_WHAT YOU ARE ASKED TO DO_.
Give the listing again, word for word, and let no picture into it.

_EXERCISE DATA_.
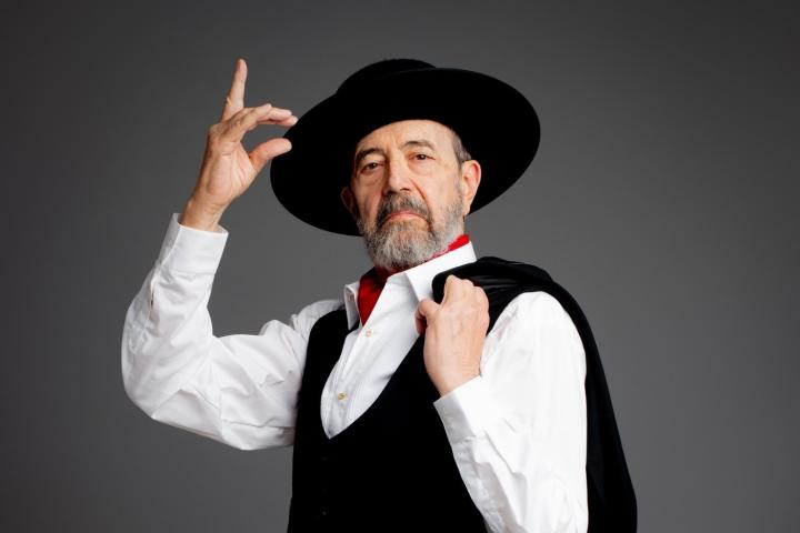Para contárnoslo, el equipo artístico ha montado un tablao redondo encima del escenario. Donde Miguel Rellán sale vestido de flamenco, con sombrero y olé. Mientras, cuenta las peripecias y aventuras de su personaje, en un texto que se sabe pero que todavía no ha hecho suyo, no ha hecho propio corporalmente. Algo que se nota y se siente desde la butaca sobre todo cuando tiene que marcar pasos de baile. Pues tiende a colocarse para hacerlos. Como la mímica y gestos con lo que acompaña alguna de las cosas que dice.
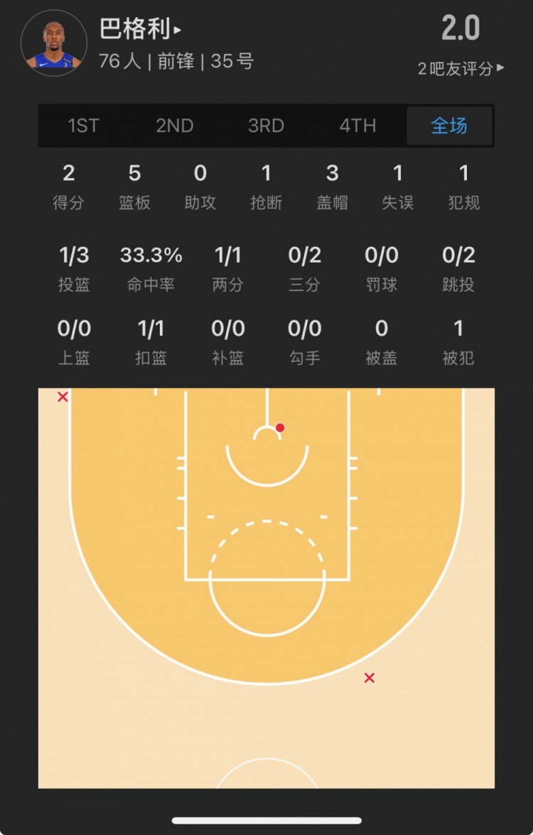 76人落選秀 馬庫斯-巴格利 登場18.3分鐘
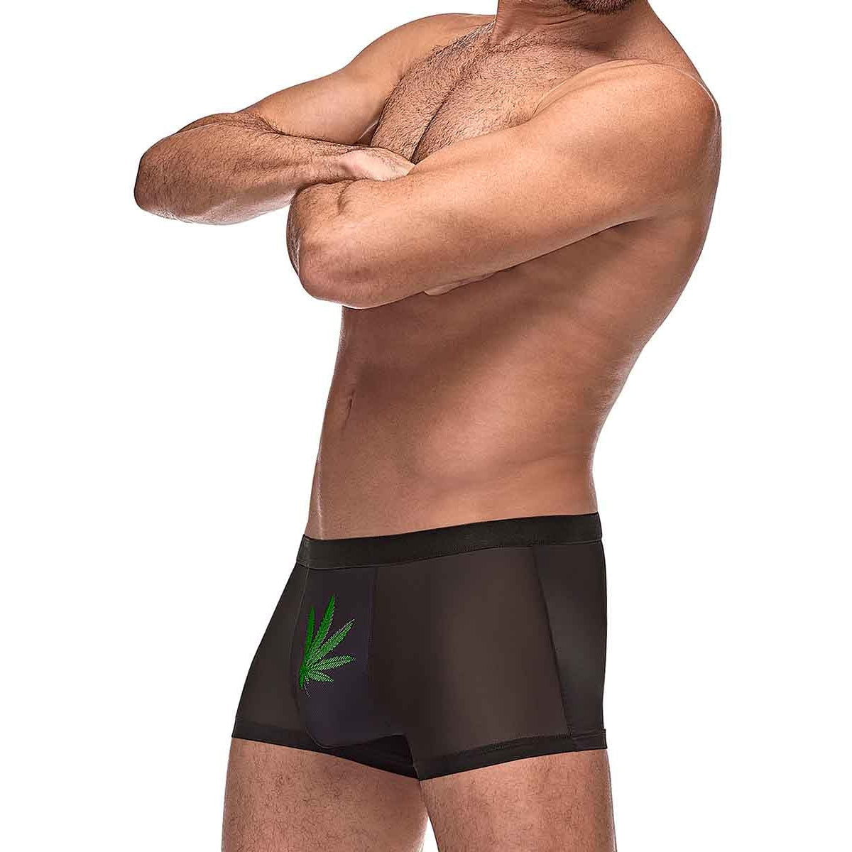 Light up your bedroom tonight in the Private Screening Pot Leaf Pouch Short. High-cut legs and low-rise waist keep this short trim while the modal and micro mesh fabrics keep you cool. Stay high above the rest in this sexy short.

_YOUR RESPONSE_.
Para contárnoslo, el equipo artístico ha montado un tablao redondo encima del escenario. Donde Miguel Rellán sale vestido de flamenco, con sombrero y olé. Mientras, cuenta las peripecias y aventuras de su personaje, en un texto que se sabe pero que todavía no ha hecho suyo, no ha hecho propio corporalmente. Algo que se nota y se siente desde la butaca sobre todo cuando tiene que marcar pasos de baile. Pues tiende a colocarse para hacerlos. Como la mímica y gestos con lo que acompaña alguna de las cosas que dice.
 76人落選秀 馬庫斯-巴格利 登場18.3分鐘
 Light up your bedroom tonight in the Private Screening Pot Leaf Pouch Short. High-cut legs and low-rise waist keep this short trim while the modal and micro mesh fabrics keep you cool. Stay high above the rest in this sexy short.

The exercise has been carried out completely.